Rev Cardiovasc Med. 2025 Dec 23;26(12):44520. doi: 10.31083/RCM44520. eCollection 2025 Dec.
ABSTRACT
BACKGROUND: The efficacy of beta-blockers in stable coronary artery disease (CAD) patients with preserved left ventricular function remains controversial. We aimed to evaluate the cardiovascular associations of beta-blocker therapy in this population through a comprehensive meta-analysis.

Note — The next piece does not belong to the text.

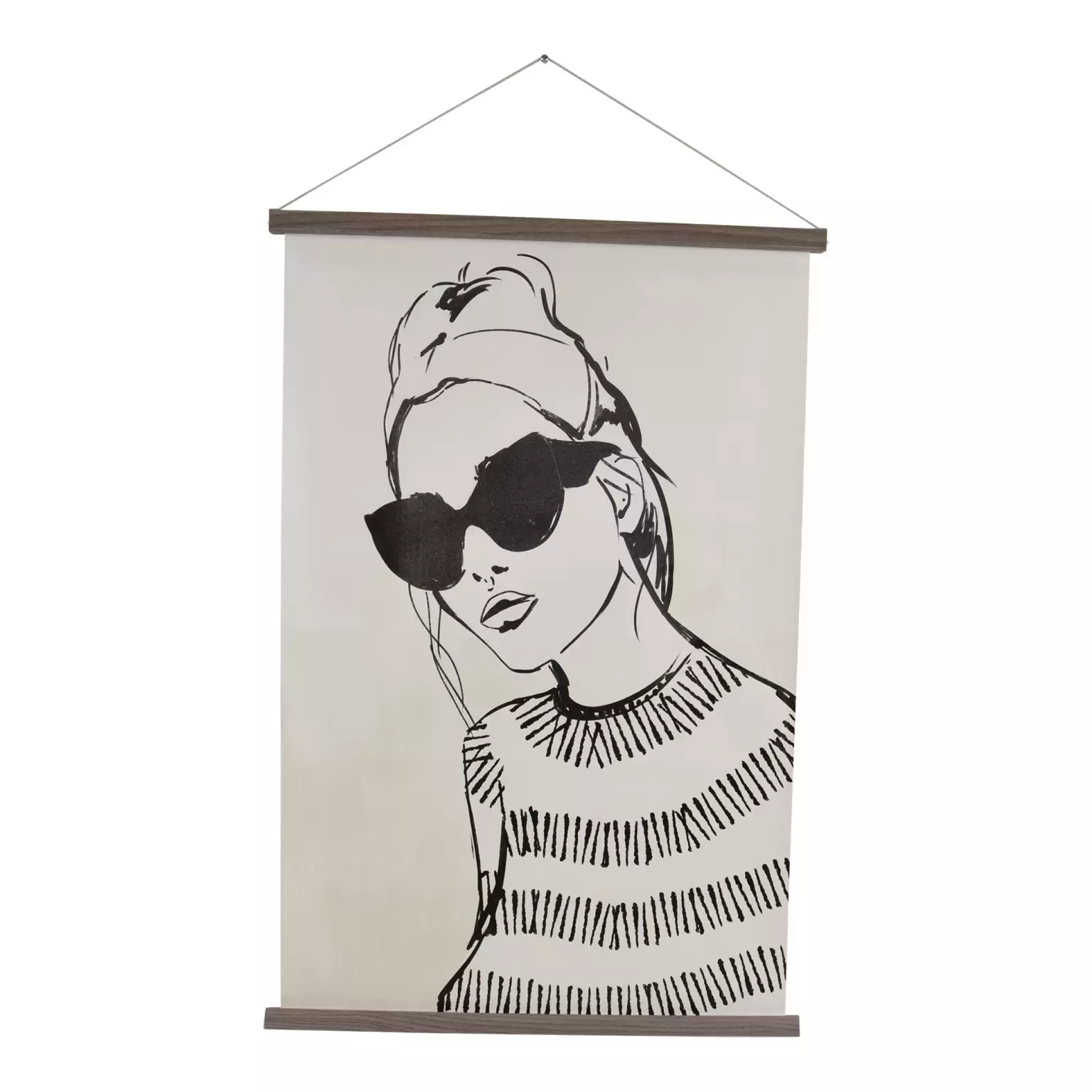 Dit schilderij is geschikt voor verschillende woonstijlen, deze fashion tekening is een designer item voor in je huis. Dit soort schilderijen worden ook wel kakemono genoemd, het is een Japanse hangrol ze zijn op dit moment een echte trend en terug te vinden in verschillende woonbladen.

METHODS: We conducted a systematic review and meta-analysis following Preferred Reporting Items for Systematic Reviews and Meta-Analyses (PRISMA) guidelines, searching PubMed, EMBASE, Web of Science, Scopus, Google Scholar, and Cochrane databases from inception to May 2025, updating and extending the previous meta-analysis. We included observational studies comparing beta-blocker therapy versus control in stable CAD patients, defined as those without acute coronary syndrome manifestations for a sufficient period (typically >6 months) to ensure clinical stability, with preserved left ventricular ejection fraction (left ventricular ejection fraction >50%). Primary outcome was cardiac death. Secondary outcomes included all-cause mortality, heart failure, myocardial infarction (MI), and stroke. Random-effects models were used for all analyses. Subgroup analyses were conducted for cardiac and all-cause death stratified by propensity score matching status and prior beta-blocker use exclusion criteria. Publication bias was assessed using funnel plots and Peter's test.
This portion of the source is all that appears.